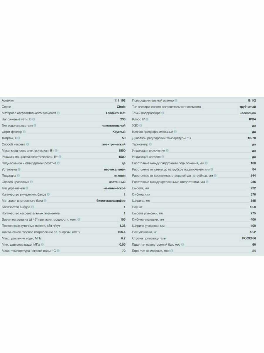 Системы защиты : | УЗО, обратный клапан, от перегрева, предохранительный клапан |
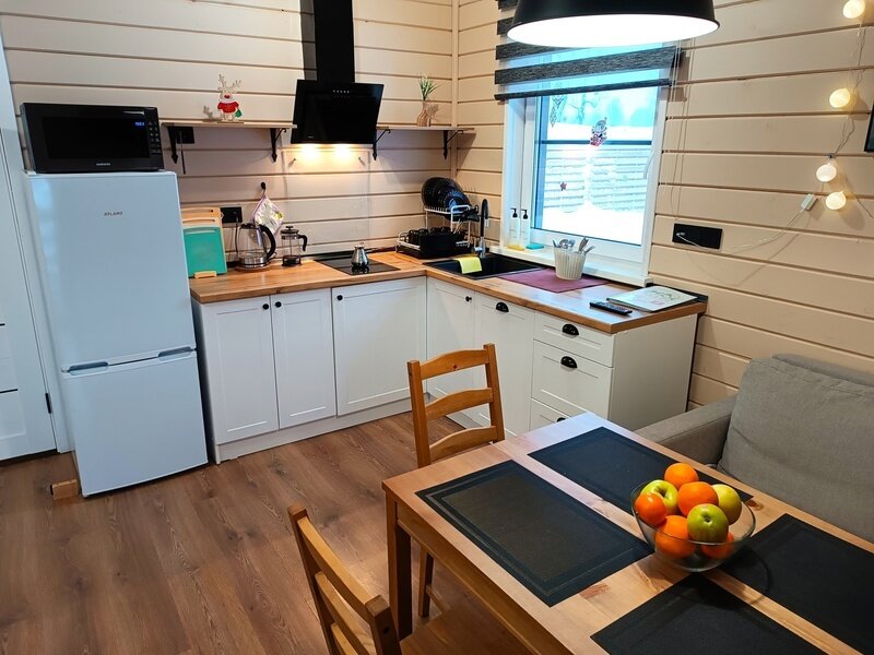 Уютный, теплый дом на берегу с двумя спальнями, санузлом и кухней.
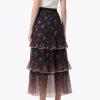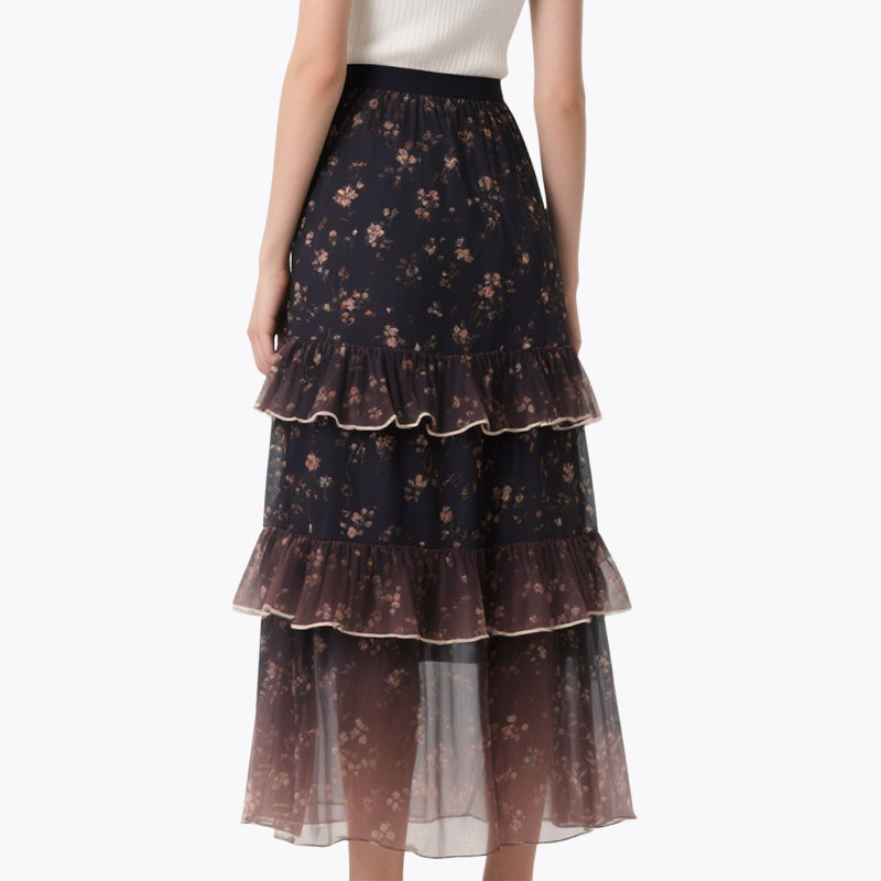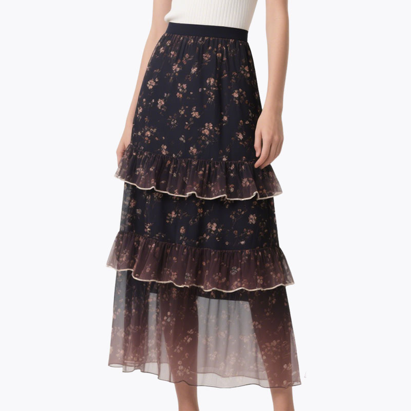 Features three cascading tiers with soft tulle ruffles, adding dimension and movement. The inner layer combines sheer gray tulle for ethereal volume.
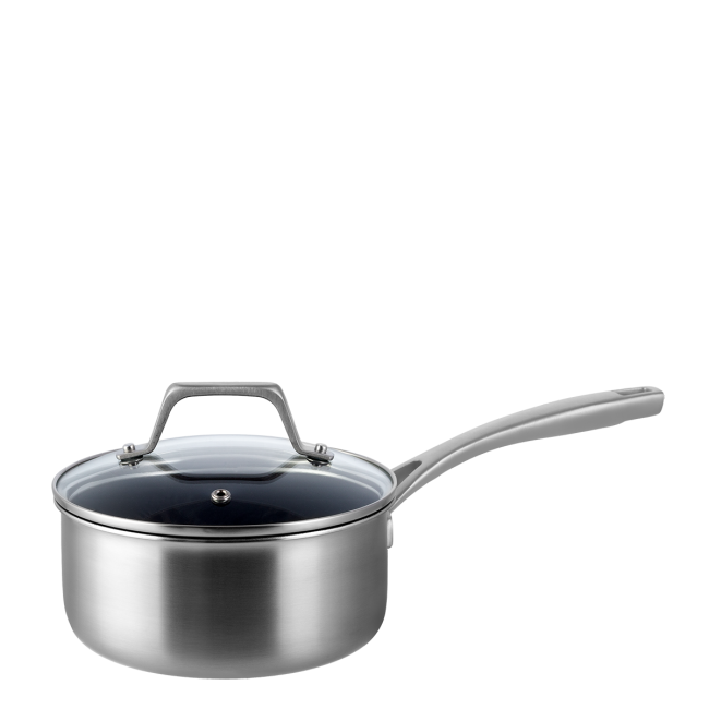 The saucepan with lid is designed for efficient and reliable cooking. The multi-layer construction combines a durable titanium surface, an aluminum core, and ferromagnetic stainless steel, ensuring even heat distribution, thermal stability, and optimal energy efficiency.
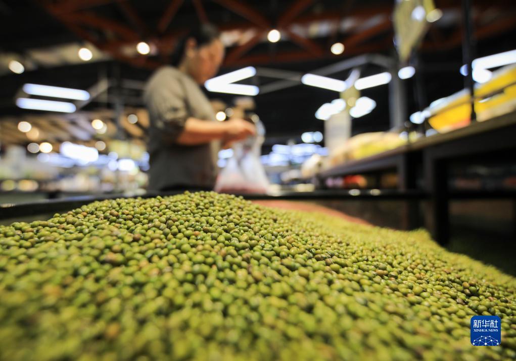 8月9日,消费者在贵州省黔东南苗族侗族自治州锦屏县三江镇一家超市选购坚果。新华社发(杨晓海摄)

++++++

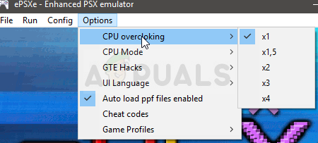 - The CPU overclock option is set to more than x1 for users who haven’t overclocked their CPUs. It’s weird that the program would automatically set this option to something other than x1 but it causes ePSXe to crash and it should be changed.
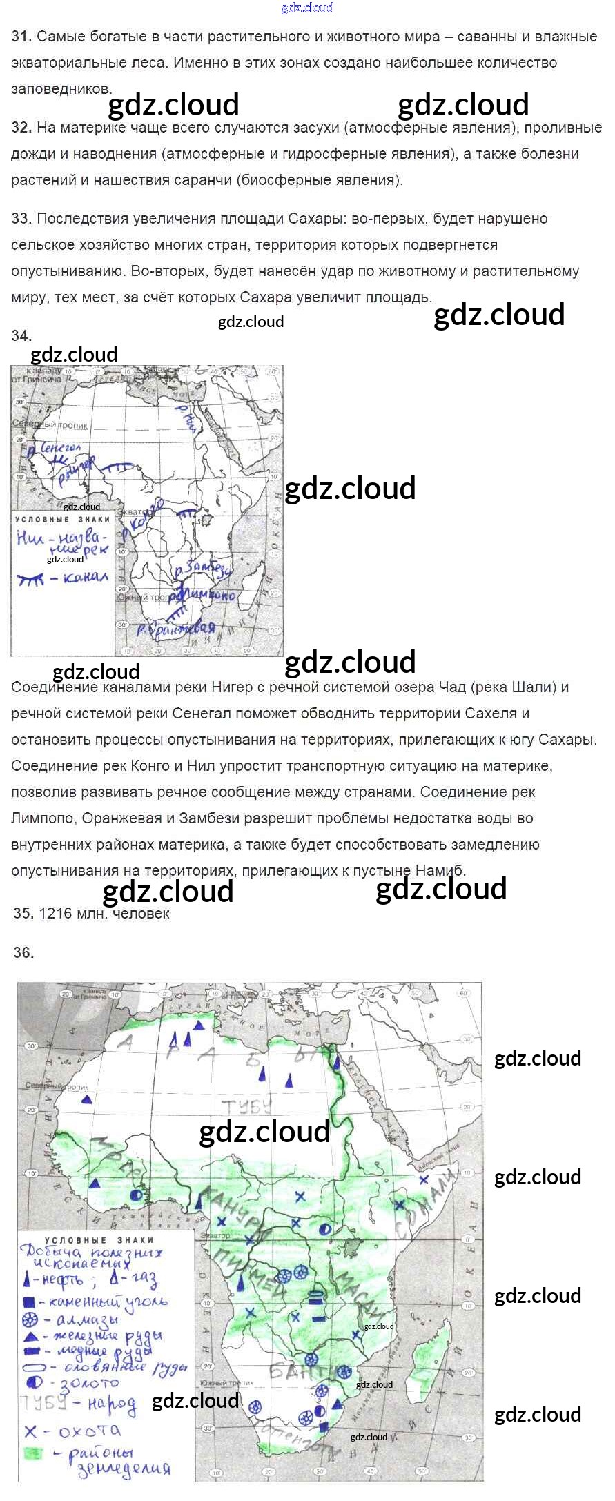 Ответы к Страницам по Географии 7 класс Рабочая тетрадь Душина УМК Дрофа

++++++

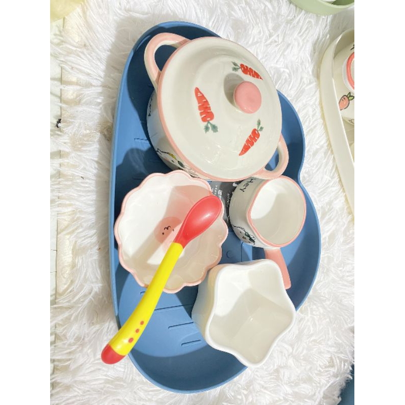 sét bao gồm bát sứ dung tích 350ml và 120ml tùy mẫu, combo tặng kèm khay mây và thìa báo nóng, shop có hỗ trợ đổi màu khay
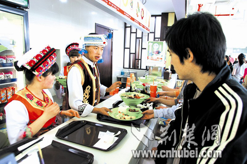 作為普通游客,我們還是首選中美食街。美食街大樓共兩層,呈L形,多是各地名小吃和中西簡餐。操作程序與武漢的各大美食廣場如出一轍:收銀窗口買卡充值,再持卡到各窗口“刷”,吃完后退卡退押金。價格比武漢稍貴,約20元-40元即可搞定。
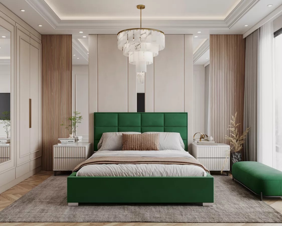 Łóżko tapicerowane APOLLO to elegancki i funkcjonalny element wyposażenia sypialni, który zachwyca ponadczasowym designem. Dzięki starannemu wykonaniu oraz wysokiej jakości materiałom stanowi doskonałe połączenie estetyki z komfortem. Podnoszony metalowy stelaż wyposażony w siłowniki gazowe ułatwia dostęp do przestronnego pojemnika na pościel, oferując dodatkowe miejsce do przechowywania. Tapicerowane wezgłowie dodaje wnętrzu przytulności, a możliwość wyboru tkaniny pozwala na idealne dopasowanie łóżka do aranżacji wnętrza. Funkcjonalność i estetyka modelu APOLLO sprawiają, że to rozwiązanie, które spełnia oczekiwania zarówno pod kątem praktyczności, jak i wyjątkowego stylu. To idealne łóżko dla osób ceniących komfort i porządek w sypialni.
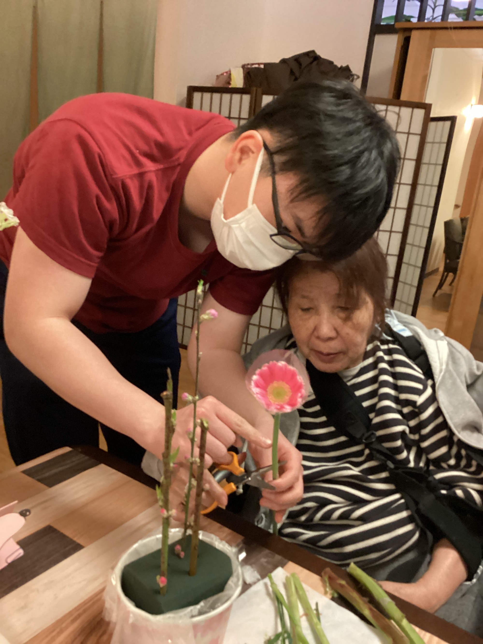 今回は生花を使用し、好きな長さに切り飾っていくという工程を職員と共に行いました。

++++++

**Problem**
From the records above, extract the lines from the one holding "Łóżko tapicerowane APOLLO" through the one holding "今回は生花を使用し、好きな長", word for word; omit the pictures.

**Completed exercise**
 Łóżko tapicerowane APOLLO to elegancki i funkcjonalny element wyposażenia sypialni, który zachwyca ponadczasowym designem. Dzięki starannemu wykonaniu oraz wysokiej jakości materiałom stanowi doskonałe połączenie estetyki z komfortem. Podnoszony metalowy stelaż wyposażony w siłowniki gazowe ułatwia dostęp do przestronnego pojemnika na pościel, oferując dodatkowe miejsce do przechowywania. Tapicerowane wezgłowie dodaje wnętrzu przytulności, a możliwość wyboru tkaniny pozwala na idealne dopasowanie łóżka do aranżacji wnętrza. Funkcjonalność i estetyka modelu APOLLO sprawiają, że to rozwiązanie, które spełnia oczekiwania zarówno pod kątem praktyczności, jak i wyjątkowego stylu. To idealne łóżko dla osób ceniących komfort i porządek w sypialni.
 今回は生花を使用し、好きな長さに切り飾っていくという工程を職員と共に行いました。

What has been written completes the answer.